▶ [The task] Pictures must not appear in the copy. Restate exactly the lines below from the one with "This page presents" through the one with "MARINE MONTERING AS,LARVIK", inclusive.

▶ [Input data]
--------
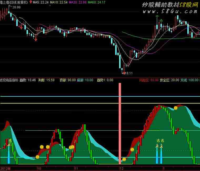 趋势:SMA(((CLOSE-LLV(LOW,28))/(HHV(HIGH,28)-LLV(LOW,28))*100),3,1) ,COLORGREEN; STICKLINE(趋势>50,趋势,50,4,0),COLOR32329B; STICKLINE(50>趋势,趋势,50,4,0),COLOR326400; IF(趋势>50, 趋势,DRAWNULL), COLORRED; RSV:=(CLOSE-LLV(CLOSE,9))/(HHV(CLOSE,9)-LLV(CLOSE,9))*100; K:=SMA(RSV,3,1); D:=SMA(K,3,1); TYP:=(HIGH+LOW+CLOSE)/3; CCI:=(TYP-MA(TYP,14))/(0.015*AVEDEV(TYP,14)); DIFF:=EMA(CLOSE,2)-EMA(CLOSE,55); DEA:=EMA(DIFF,6); MACD:=2*(DIFF-DEA); 转点:=IF(K>D AND CCI>0 AND DIFF>DEA AND MACD>0,1,0); STICKLINE(转点=1,50,50,6,0),COLORYELLOW; STICKLINE(转点=0,50,50,6,0),COLORCYAN; 顶部:90,COLORYELLOW; 底部:10,COLORCYAN; 判断:SMA(趋势,3,1),COLORFF00FF, LINETHICK2; IF( 趋势>判断,判断,DRAWNULL), COLORYELLOW, LINETHICK2; IF( 趋势<判断,判断,DRAWNULL) ,COLORFFF000,LINETHICK2; DRAWICON(CROSS(趋势,判断),判断,1); DRAWICON(CROSS(趋势,顶部),顶部,2); LC:= REF(CLOSE,1); RSI:=SMA(MAX(CLOSE-LC,0),6,1)/SMA(ABS(CLOSE-LC),6,1)*100; VAR1:=(HHV(HIGH,9)-CLOSE)/(HHV(HIGH,9)-LLV(LOW,9))*100-70; VAR2:=SMA(VAR1,9,1)+100; VAR3:=(CLOSE-LLV(LOW,9))/(HHV(HIGH,9)-LLV(LOW,9))*100; VAR4:=SMA(VAR3,3,1); VAR5:=SMA(VAR4,3,1)+100; VAR6:=VAR5-VAR2; 趋势1: IF(VAR6>45,VAR6-45,0),COLOR00FFFF; VAR2Q:=REF(LOW,1); VAR3Q:=SMA(ABS(LOW-VAR2Q),3,1)/SMA(MAX(LOW-VAR2Q,0),3,1)*100; VAR4Q:=EMA(IF(CLOSE*1.3,VAR3Q*10,VAR3Q/10),3); VAR5Q:=LLV(LOW,30); VAR6Q:=HHV(VAR4Q,30); VAR7Q:=IF(MA(CLOSE,58),1,0); VAR8Q:=EMA(IF(LOW<=VAR5Q,(VAR4Q+VAR6Q*2)/2,0),3)/999*VAR7Q; 火焰山:=IF(VAR8Q>100,100,VAR8Q); STICKLINE(火焰山>0,0 ,火焰山*1.2,5,0 ),COLOR4444FF; STICKLINE(火焰山>0,0 ,火焰山*1.2,4,0 ),COLOR5555FF; STICKLINE(火焰山>0,0 ,火焰山*1.2,3,0 ),COLOR7777FF; STICKLINE(火焰山>0,0 ,火焰山*1.2,2,0 ),COLOR9999FF; STICKLINE(REF(趋势1,1)< 趋势1, 趋势1,REF(趋势1,1),5,0),COLOR000033; STICKLINE(REF(趋势1,1)< 趋势1, 趋势1,REF(趋势1,1),4,0),COLOR000055; STICKLINE(REF(趋势1,1)< 趋势1, 趋势1,REF(趋势1,1),3,0),COLOR000077; STICKLINE(REF(趋势1,1)< 趋势1, 趋势1,REF(趋势1,1),2,0),COLOR000099; STICKLINE(REF(趋势1,1)< 趋势1, 趋势1,REF(趋势1,1),1.5,0),COLOR0000BB; STICKLINE(REF(趋势1,1)< 趋势1, 趋势1,REF(趋势1,1),1,0),COLOR0000DD; STICKLINE(REF(趋势1,1)> 趋势1, 趋势1,REF(趋势1,1),5,0),COLOR003300; STICKLINE(REF(趋势1,1)> 趋势1, 趋势1,REF(趋势1,1),4,0),COLOR005500; STICKLINE(REF(趋势1,1)> 趋势1, 趋势1,REF(趋势1,1),3,0),COLOR007700; STICKLINE(REF(趋势1,1)> 趋势1, 趋势1,REF(趋势1,1),2,0),COLOR009900; STICKLINE(REF(趋势1,1)> 趋势1, 趋势1,REF(趋势1,1),1,0),COLOR00DD00; 逃顶:=CROSS(82,RSI); STICKLINE( 逃顶,逃顶,20,5,0),COLORFF5500; STICKLINE( 逃顶,逃顶,30,3,0),COLORFF8800; STICKLINE( 逃顶,逃顶,30,2,0),COLORFFAA00; STICKLINE( 逃顶,逃顶,30,1,0),COLORFFCC00; D1:=(C+L+H)/3; D2:=EMA(D1,6); D3:=EMA(D2,5); BBUY:=CROSS(D2,D3); 风险区:80,COLORFF85FF; 安全区:20,COLORYELLOW,POINTDOT; 天线:100,COLORFFFF00; 强弱线:50,COLORGREEN,POINTDOT; DRAWICON(BBUY,(LOW *1),1); VARR1:=SMA(MAX(CLOSE-REF(C,1),0),6,1)/SMA(ABS(CLOSE-REF(C,1)),6,1)*100; DRAWICON(CROSS(82,VARR1),HIGH,15); DRAWTEXT(CROSS(82,VARR1),35,'逃'),COLORYELLOW;
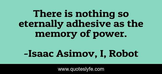 This page presents the quote "There is nothing so eternally adhesive as the memory of power.". Author of this quote is Isaac Asimov, I, Robot. .
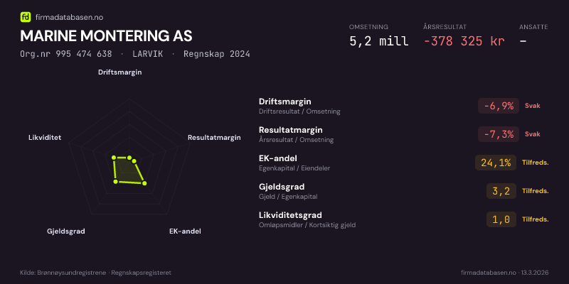 MARINE MONTERING AS,LARVIK — jo større areal, jo sterkere økonomi.Org.nr 995 474 638 · Regnskap2024
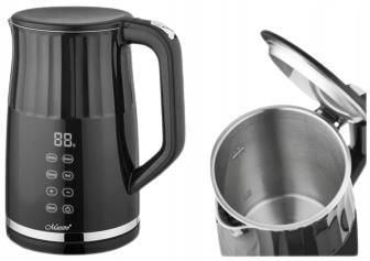 Czajnik elektryczny Maestro MR-049 Czajniki elektryczne to urządzenia, które zrewolucjonizowały nasze codzienne życie, umożliwiając szybkie i wygodne zagotowanie wody. Dzięki nim przygotowanie kawy czy herbaty staje się znacznie prostsze. Warto zwrócić uwagę na produkty oferujące najlepszy stosunek jakości do ceny, a jednym z takich urządzeń jest Czajnik elektryczny Maestro MR-049. Wysoka jakość materiałów i elegancki design Maestro MR-049 to czajnik, który łączy w sobie trwałość i nowoczesny wygląd. Wykonany z wysokiej jakości metalu i tworzywa sztucznego, charakteryzuje się solidnością oraz eleganckim wyglądem, który będzie ozdobą każdej kuchni. Jego czarny kolor nadaje mu dodatkowej elegancji i sprawia, że świetnie wpisuje się w nowoczesne wnętrza. Pojemność i moc Jednym z kluczowych parametrów każdego czajnika jest jego pojemność i moc. Maestro MR-049 oferuje pojemność 1,7L, co pozwala na zagotowanie dużej ilości wody za jednym razem. Dzięki mocy 2200W, woda jest gotowa w bardzo krótkim czasie, co sprawia, że użytkowanie czajnika jest niezwykle wygodne i szybkie. Regulacja temperatury i wskaźnik poziomu wody Czajnik Maestro MR-049 wyposażony jest w funkcję regulacji temperatury, co pozwala na ustawienie odpowiedniej temperatury wody w zależności od potrzeb. Zakres ustawień temperatury obejmuje od 40 do 100°C, dzięki czemu można dostosować parametry do różnych rodzajów herbat czy kaw. Dodatkowo czajnik posiada wskaźnik poziomu wody, co umożliwia dokładną kontrolę ilości gotowanej wody. System grzewczy i funkcje bezpieczeństwa Grzałka płytowa ukryta wewnątrz czajnika zmniejsza ryzyko osadzania kamienia oraz ułatwia jego czyszczenie. Czajnik wyposażony jest również w szereg funkcji bezpieczeństwa, takich jak automatyczne wyłączanie po zagotowaniu, które zapewniają bezpieczne użytkowanie. Kolejną istotną cechą jest ochrona przed przegrzaniem oraz ochrona przed włączeniem bez wody. Dodatkowe funkcje i zasilanie Dzięki wielu dodatkowym funkcjom, ten czajnik elektryczny staje się jeszcze bardziej wszechstronny: dotykowy panel sterowania, utrzymywanie temperatury przez 2 godziny, automatyczne wyłączanie po zagotowaniu, inteligentna kontrola temperatury. Dodatkowo urządzenie wyposażone jest w obrotową podstawę 360°, co zapewnia wygodę użytkowania niezależnie od miejsca jego ustawienia. Podsumowanie to idealny wybór dla osób ceniących sobie wysoką jakość wykonania oraz nowoczesne funkcje. Dzięki jego eleganckiemu wyglądowi oraz zaawansowanym możliwościom regulacji temperatury, będzie doskonałym dodatkiem do każdej kuchni. Moc 2200W oraz pojemność 1,7L gwarantują szybkie przygotowanie gorącej wody na każdą okazję.
--------
▶ [Solution to the exercise]
 This page presents the quote "There is nothing so eternally adhesive as the memory of power.". Author of this quote is Isaac Asimov, I, Robot. .
 MARINE MONTERING AS,LARVIK — jo større areal, jo sterkere økonomi.Org.nr 995 474 638 · Regnskap2024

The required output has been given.